Ханшу Тайдулу в Орде избавил от темноты. Да по Руси теперь зараза расползлась, спасу нет. Ладно, бельма растут, зато глаза вроде бы целы, но света не зрят. Особенно в осенних сумерках так и вовсе ничего не видят. Куриная слепота, что ли?..Вот и звоним эдак на вечернюю службу. Сойдутся всей час, так иных сам позришь.

Алексий выслушал замысловатую речь настоятеля и, похоже, не понял, хвалят его или скрытно надсмехаются. Поэтому проворчал неуверенно:

– Что-то не видел я на Москве толпы незрячих…

– Верно, чудотворче, и не увидишь. Они же к нам бредут. Мы всех принимаем… Алексий головой потряс, трижды перекрестился, словно сгоняя наваждение.

– А зачем светочами с башни махали?

– Так у меня глухих скитников довольно. Ушная хвороба ходит, ужель неслышал? Гной течёт, глохнут люди…

– На всё ответ припасён!.. Сколько ныне народу у тебя по скитам сидит? Настоятель непритворно вздохнул.

– Малое число, святейший, по иноку да по паре послушников в каждом.

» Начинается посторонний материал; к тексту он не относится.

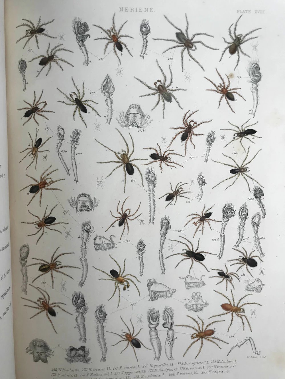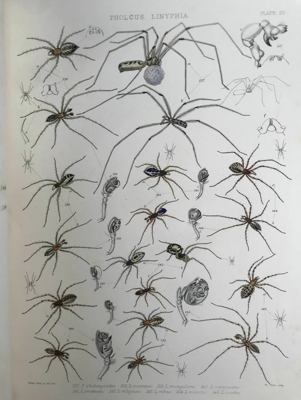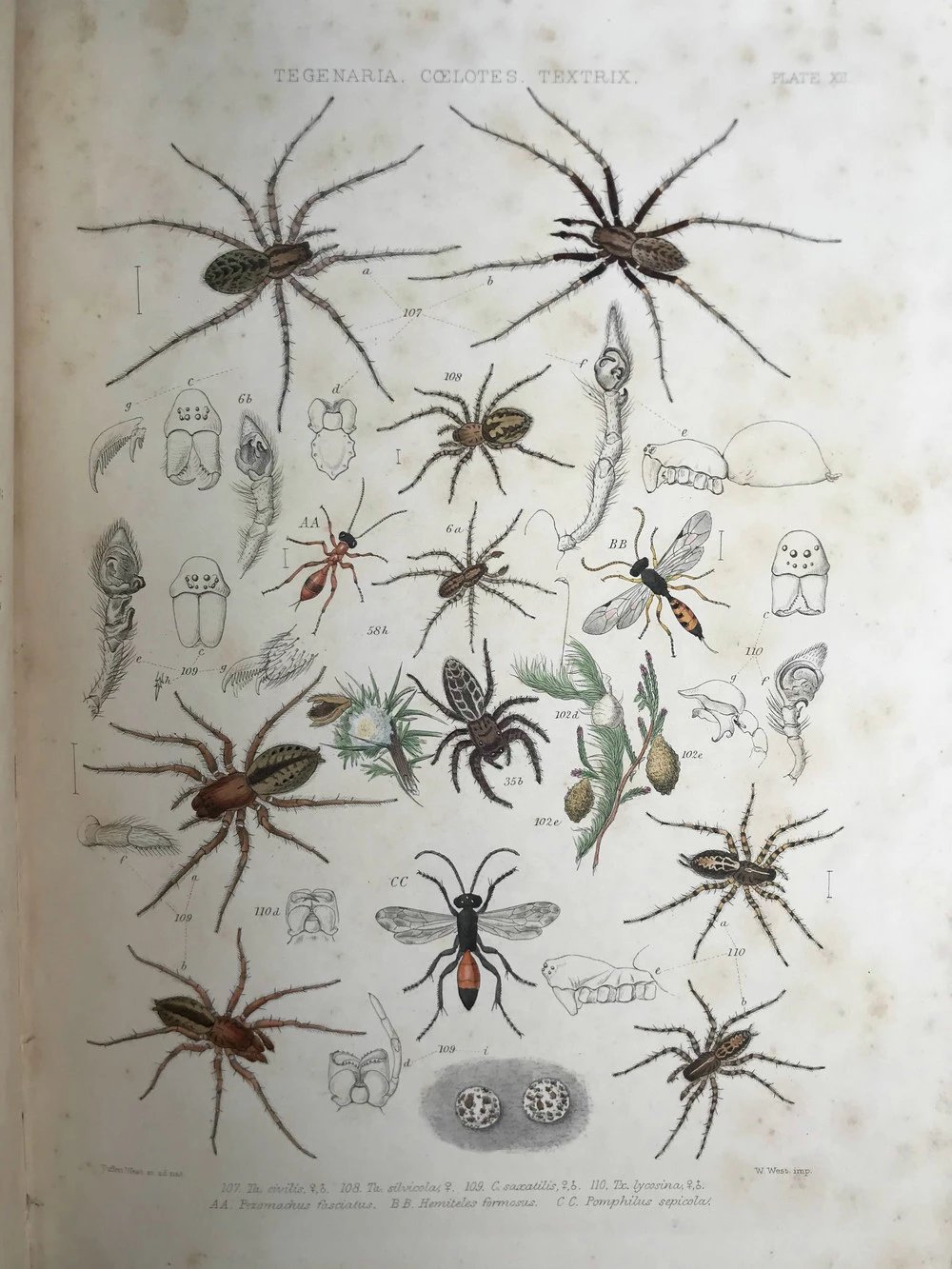 1861-1864年 大不列颠与爱尔兰蜘蛛史(全2卷) 29页手工上色版画插图 平装8开
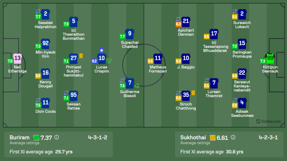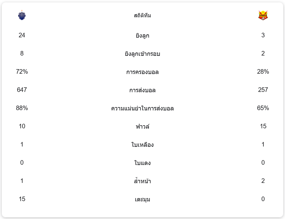 เกมนี้บุรีรัมย์มีสถิติที่โดดเด่นในทุกด้าน ยิงรวม 24 ครั้ง เข้ากรอบ 8 ครั้ง และครองบอล 72% ขณะที่สุโขทัย ยิงเพียง 3 ครั้ง เข้ากรอบ 2 ครั้ง การส่งบอลของบุรีรัมย์อยู่ที่ 647 ครั้ง พร้อมความแม่นยำสูงถึง 88%
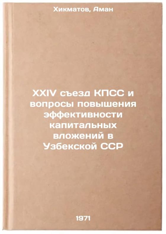 In Russian. Khikmatov, Aman. XXIV Congress of the CPSU and issues of increasing the efficiency of capital investments in the Uzbek SSR. Tashkent: Uzbekistan, 1971. XXIV sezd KPSS i voprosy povysheniya effektivnosti kapital'nykh vlozheniy v Uzbekskoy SSR. In Russian /XXIV Congress of the CPSU and issues of increasing the efficiency of capital investments in the Uzbek SSR . All images are for identification of editions only. Several books of the same edition may be available. Please feel free to request photos of available books. SKU7054897
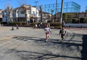 グラウンドは工事車両が入っていたので、場所をクローバ公園に変更👉
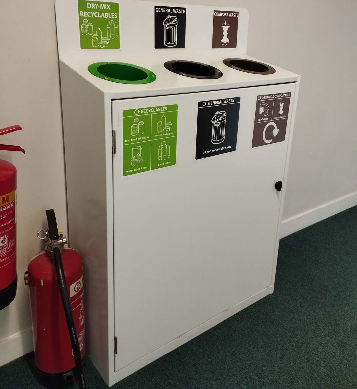 The set dec department also used a three bin recycling set up in one of the scenes. Not only did this help promote and normalise sustainability on screen, but instead of purchasing one of these setups new, they borrowed one from the Irish Management Institute that served as the production office.
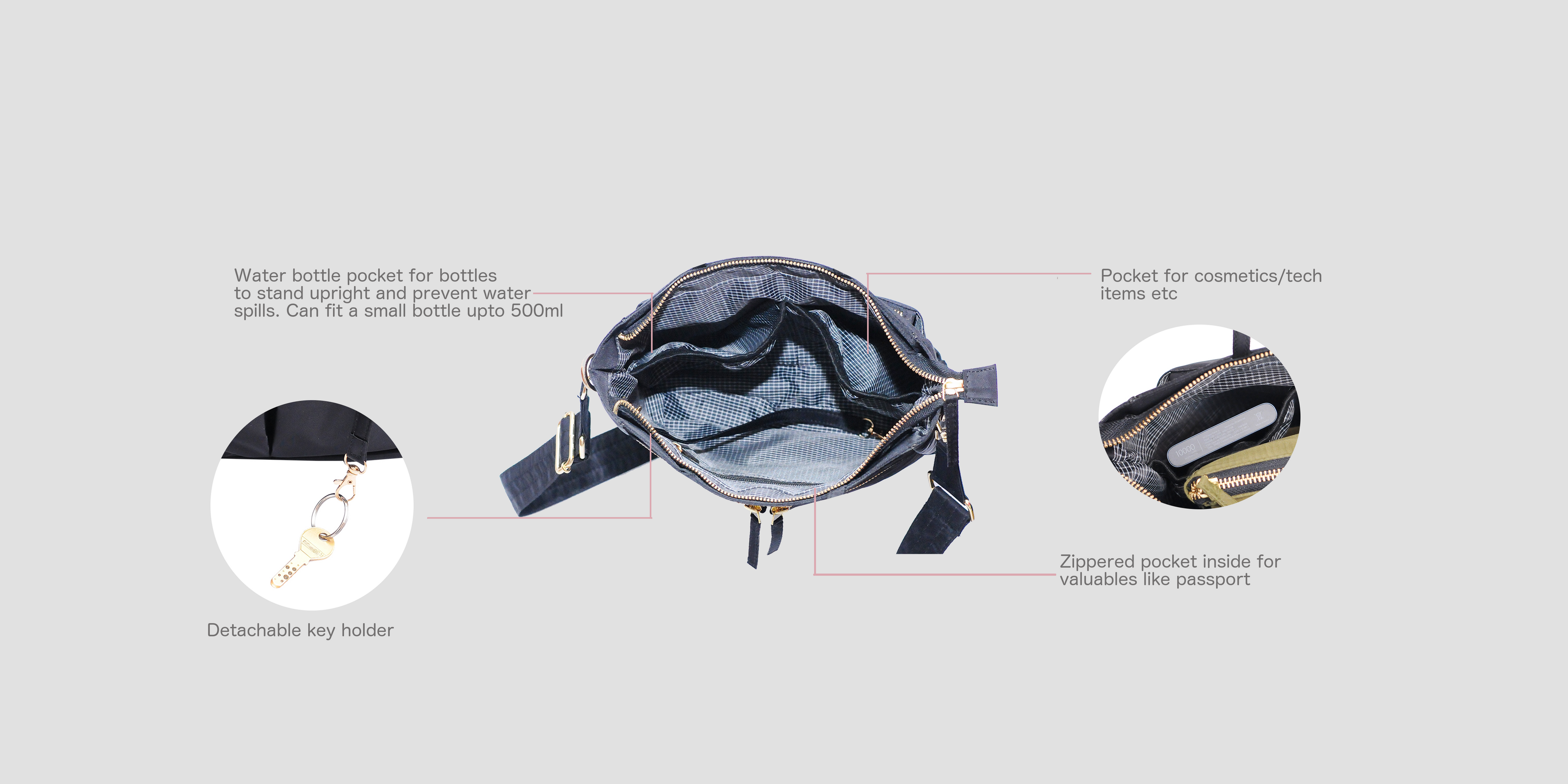 Travel in style with our Wanderer Sling bag. Look stylish and yet be assured that none of your travel necessities are being compromised. This crossbody bag is light, durable, easy to clean and suitable for carrying all your travel essentials. Can fit a small waterbottle, sunglasses, wallet, kindle, keys, mobile, charger, battery bank, pen, passport, a small notebook and makeup items. It can even fit an Ipad upto 10". Use this as a travel sling or your everyday crossbody. Its great as both
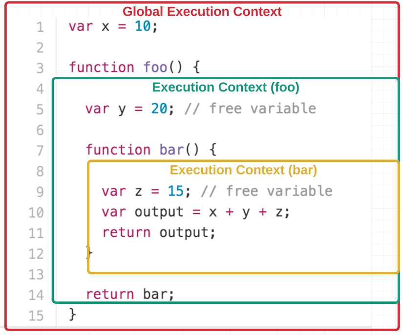 Câu chuyện ở đây là gì, chúng ta có những variable trong các Function Execution Context và Global Execution Context, một điều rắc rối của JavaScript là làm thế nào là làm sao nó kiếm được variable nó cần, nếu nó không tìm được trong Function Execution Context của nó, nó sẽ tìm đến Calling Context, và nếu ở đó nó không tìm thấy nữa thì nó tiếp tục tìm ở Calling Context của Calling Context đó, Cứ lặp lại như thế cho đến khi gặp Global Execution Context, và nếu không gặp được variable cần tìm thì value được trả về cho biến đó là undefined. Để hiểu rõ chúng ta hãy theo dõi ví dụ trên. Nếu bạn đã biết về scope thì có thể bỏ quan phần này.

Да и те тёмные или вовсе немтыри. Что-то не идут здоровые в обитель, как прежде. А несёт к нам весь сор мирской, человеческий… В распахнутые ворота и впрямь начали входить иноки и послухи – слепые, горбатые: иные на четвереньках ползут, иных трясучка бьёт. У многих лица старыми рубцами посечены, ровно у воинов бывалых, у иных рук не достаёт. Входят, кланяются Алексию и выстраиваются, будто на показ. А один, с батожком, взошёл на паперть и пал на колени перед митрополитом.

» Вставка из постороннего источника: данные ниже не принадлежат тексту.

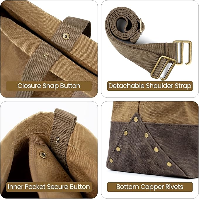 - Detachable & Adjustable Shoulder Strap: The OneTigris waxed canvas tool tote bag comes with a detachable and adjustable shoulder strap, accommodating various heights. You can easily adjust or remove the strap to suit your personal preferences for optimal comfort.It can be carried by hand, over one shoulder, or as a crossbody. The canvas tool bag is equipped with snap buttons on the handles, providing extra durability and allowing the opening to be easily secured, keeping items safely inside
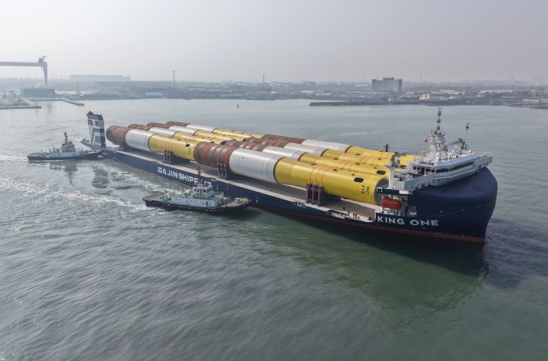 圖為:KING ONE輪裝載8根大型風電單樁發(fā)運出口 韓振禹/攝
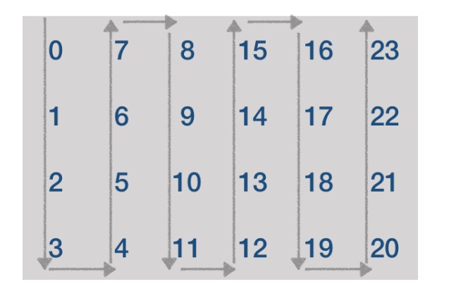 짝수번째 x열에서는 y가 증가하는 방향이고 홀수번째 x열에서는 y가 감소하는 방향이니까..
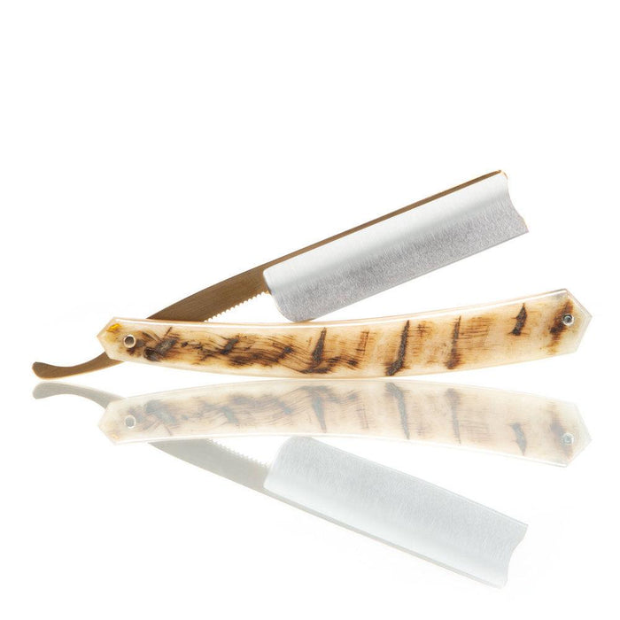 • A 6/8" Barbers Notch Straight Razor with Rams Horn Scales
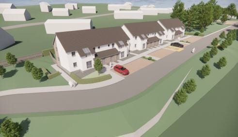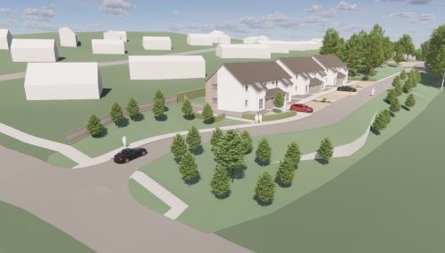 The development will comprise 12 no 2-bedroomed 4-person private entry cottage flats with flexible accesses allowing for wheelchair access on the ground floor which will facilitate a mix of residents within the development. The buildings will be finished with white rendered walls with sections of reconstituted stone under pitched slate grey-coloured tiled roofs.
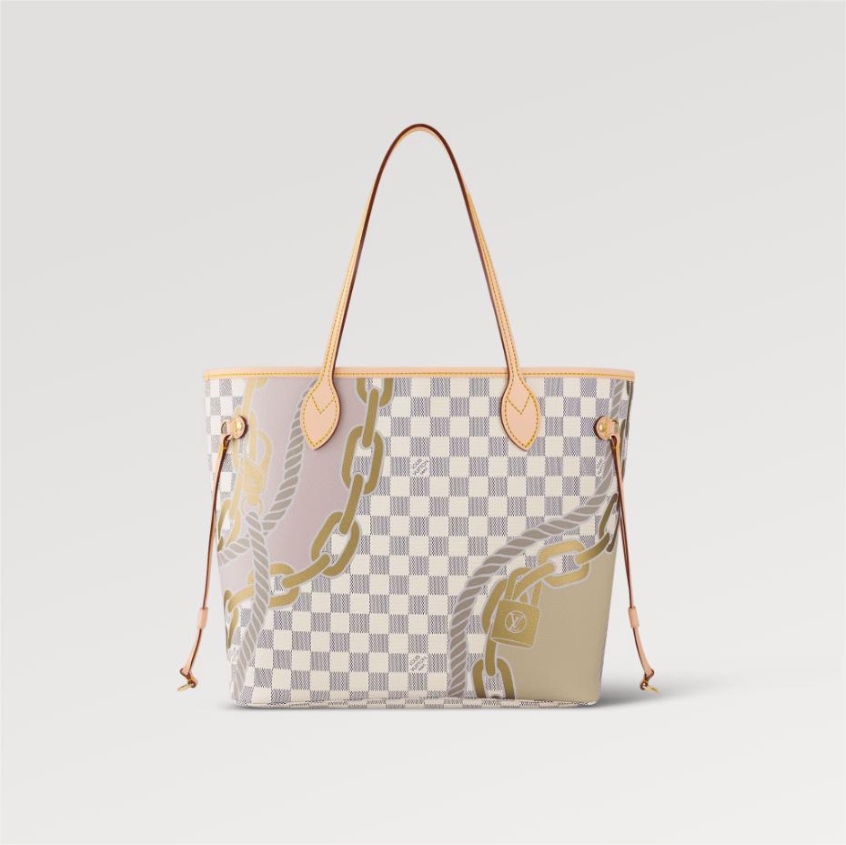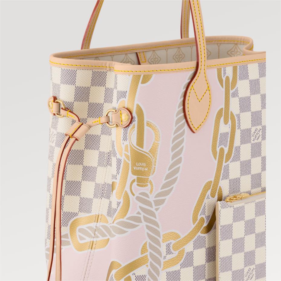 This Neverfull MM tote bag is made from Damier Azur coated canvas customized with a bold five-color nautical print of ropes and chains. bringing a fresh twist to the classic checkerboard pattern. This versatile bag features side laces that can be cinched for a sleeker silhouette or loosened for a more casual look.

– Отче! Чудотворче! – возопил, однако же, точно обращаясь к святейшему. – Исцели! Во имя Христа и Пресвятой Богородицы! Сними пелену с очей моих. Света не видывал! Приложи свои длани! Вместо зениц в глазах стояли одни яркие даже в сумерках белки. Ощупью потянулся к рукам Алексия, однако, не отыскав их, прильнул к ногам и стал целовать сапоги. Привыкший к подобным молитвам и стонам страждущих, митрополит отчего-то смутился, попятился, посохом оттолкнуть попытался незрячего. Но будто и сам слепой, тыкал мимо. Сергий на помощь пришёл, прикрикнул:

– Изыди! Ступай прочь! – и, взявши за шиворот, оттянул послуха. – Иди, покуда плетей не получил!

Слепой зарыдал как-то по-женски, пополз в темноту, забыв свой батог.

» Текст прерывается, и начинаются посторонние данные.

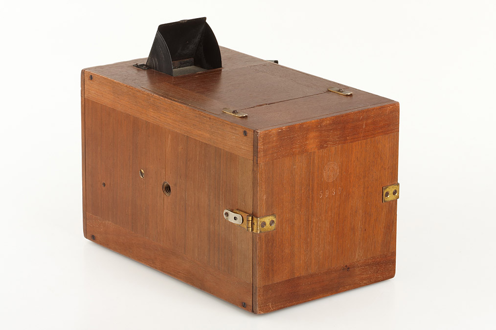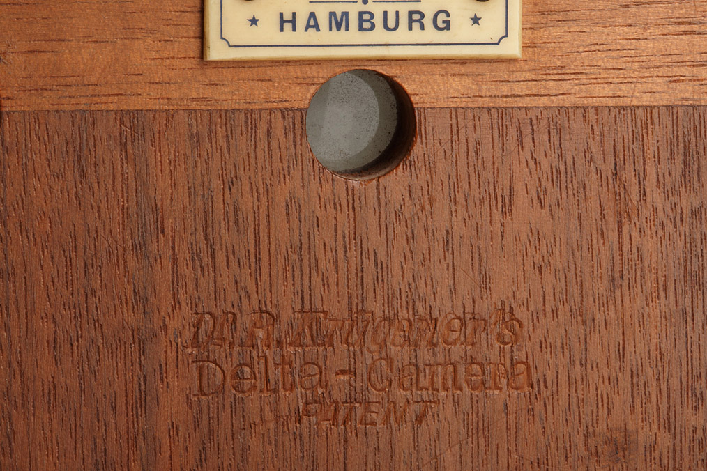 9x12cm detective camera, polished wood with magazine for 12 plates, stamped: Dr.R.Krügener's Delta-Camera Patent, dealers plaque: TIETGEN & Co. PHOTOGR.ARTIKEL HAMBURG

– Ох и излукавился же ты, игумен! – голос у стареющего митрополита от возмущения становился по-отрочески ломким. – Ты кого мне явил?!. Отребье, не народ! А где иноки, что на конях скачут да лихоимством промышляют? Или думаешь, не знаю ничего?

Сергий оставался непоколебимым.

– Они телом убогие, но духом сильны. На том и держится ныне Русь…

Митрополит огляделся и, кажется, высмотрел уединённое место – возле приземистого сарая с горой пиленых дров. Размашистой походкой ушёл, выбрал себе чурку потолще и сел, обвиснув на посохе, словно уставший рубщик.

– Всё крамолы творишь, игумен, – заговорил обидчиво. – Мало от тебя ереси, так ещё и ордынцев дразнишь своими лукавыми игрищами? Думаешь, не изведали они дел твоих тёмных? Или и татарам являешь сброд?.. Полагаешь, глупцы, не знают, какие послухи в потаённых скитах собираются? Ножи заместо крестов носят?.. Я столько сил положил, столько стараний, дабы примириться с Ордой! Ярлык получил и неприкасаемость храмов исхлопотал! Ох, навлечёшь ты беду, не миновать набега. Токмо уж не Москву станут жечь – святые обители рушить!

Настоятель заботливо укрыл его плечи дорожным тулупчиком, слушал и помалкивал, зная нрав Алексия: строг и крут он был лишь в пору, когда говорили с глазу на глаз. А при чужих ушах сора из избы не выносил, напротив, поддерживал всячески, тайно или явно способствовал и даже защищал. Слушал его игумен и про себя мыслил – не коритьи не сыскереси приехал чинить митрополит, как бывало прежде; что-то иное привело его в пустынь. Поэтому стоял и ждал, когда притомится от словес владыка всея Руси.

Тот и впрямь поносил Троицкую обитель недолго и как-то не очень старательно. В былые времена поболее выражал гнев и посохом замахивался.

Ныне же кружился около, словно учёный волк, даже единого коня угнать не мог, даже хватки сделать не захотел.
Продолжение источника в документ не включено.